我正在运行一个ddply函数并继续出错.
data.frame的结构:
str(visits.by.user)
'data.frame': 80317 obs. of 5 variables:
$ ClientID : Factor w/ 147792 levels "50912733","50098716",..: 1 3 4 5 6 7 8 10 11 12 ...
$ TotalVisits : int 64 231 18 21 416 290 3 13 1 7 ...
$ TotalDayVisits: int 8 141 0 4 240 155 0 0 0 0 ...
$ TotalNightVisits: int 56 90 18 17 176 135 3 13 1 7 ...

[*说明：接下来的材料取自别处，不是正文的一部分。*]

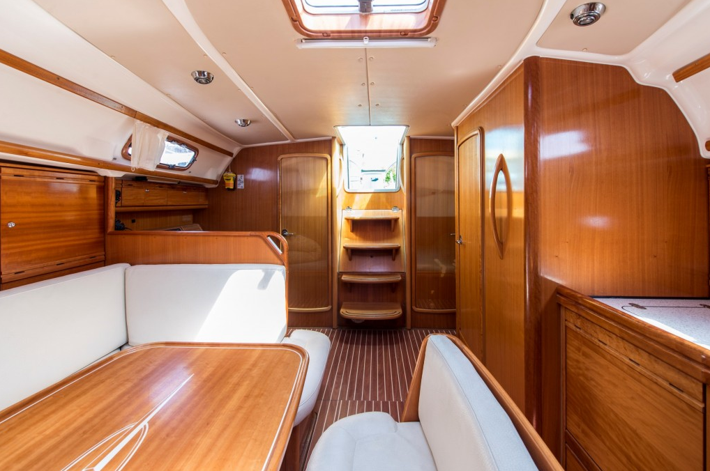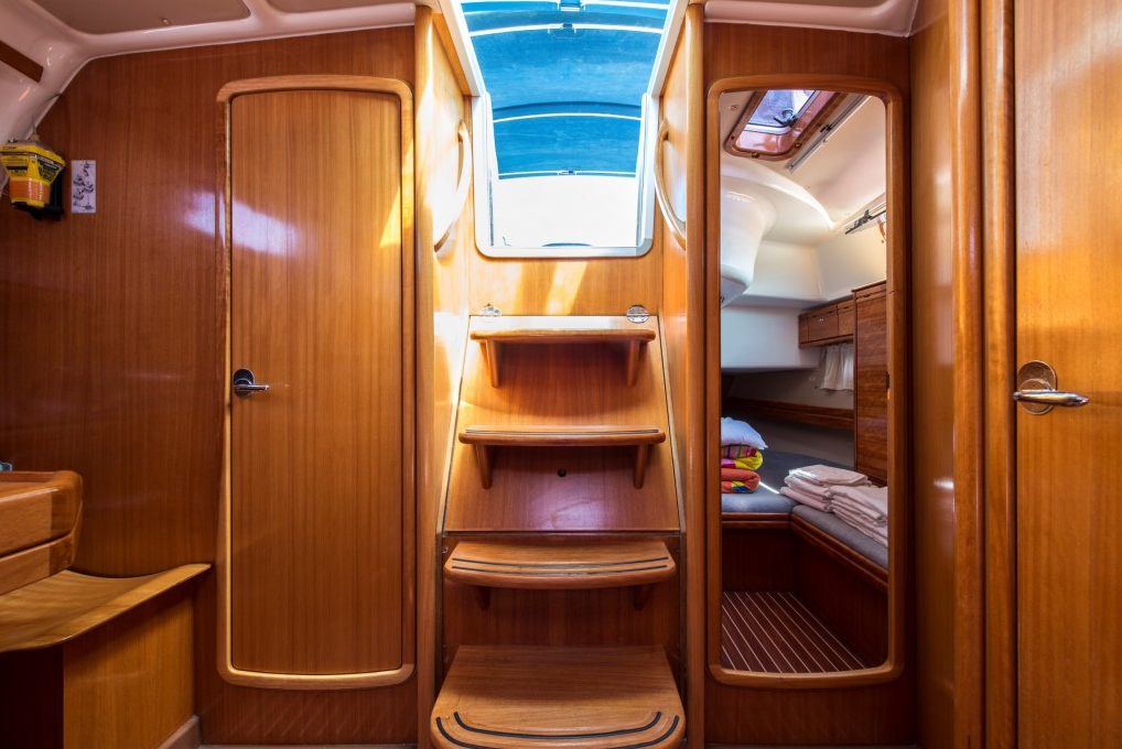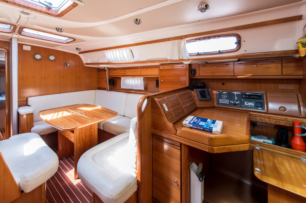 | Safety | Autopilot, Bootsmannstuhl, Bordapotheke, Bordwerkzeug, elektr. Bilgepumpe, Epirb, Feststoffschwimmwesten, Flaggen, GMDSS, Leuchtboje, Navigationslichter, Notpinne, Notsignale, Rettungsinsel, Rettungskragen, Sicherheitsgurt, Taschenlampe, UKW-Funk |

$ quintile : Factor w/ 5 levels "0-20","20-40",..: 5 5 4 4 5 5 2 4 1 3 ...
Run Code Online (Sandbox Code Playgroud)
旁注: 我知道如何为随机数字数据创建样本数据 - 如何应用5个级别的因子来构建代表性样本?
ddply代码:
summary.users <- ddply(data = subset(visits.by.user, TotalVisits > 0),
.(quintile, TotalDayVisits, TotalNightVisits),
summarize,
NumClients = length(ClientID))
Run Code Online (Sandbox Code Playgroud)
错误信息:
Error in if (empty(.data)) return(.data) :
missing value where TRUE/FALSE needed
Run Code Online (Sandbox Code Playgroud)
我认为可能ddply需要我试图分组的变量是一个因素,所以我尝试了一个as.factor整数变量,但这不起作用.
谁能看到我哪里出错?
编辑:添加顶部 dput
structure(list(ClientID = structure(c(1L, 2L, 3L, 4L, 5L, 6L), .Label = c("50912733", "60098716", "50087112", "94752212", "78217771", "12884545"), class = "factor"),TotalVisits = c(80L, 92L, 103L, 18L, 182L, 136L), TotalDayVisits = c(56L, 90L, 18L, 17L, 176L, 135L), TotalNightVisits = c(24L, 2L, 85L, 1L, 6L, 1L), quintile = structure(c(5L, 5L, 4L, 4L, 5L, 5L), .Label = c("0-20", "20-40", "40-60", "60-80", "80-100"), class = "factor")), .Names = c("ClientID", "TotalVisits", "TotalDayVisits", "TotalNightVisits", "quintile"), row.names = c(NA,6L), class = "data.frame")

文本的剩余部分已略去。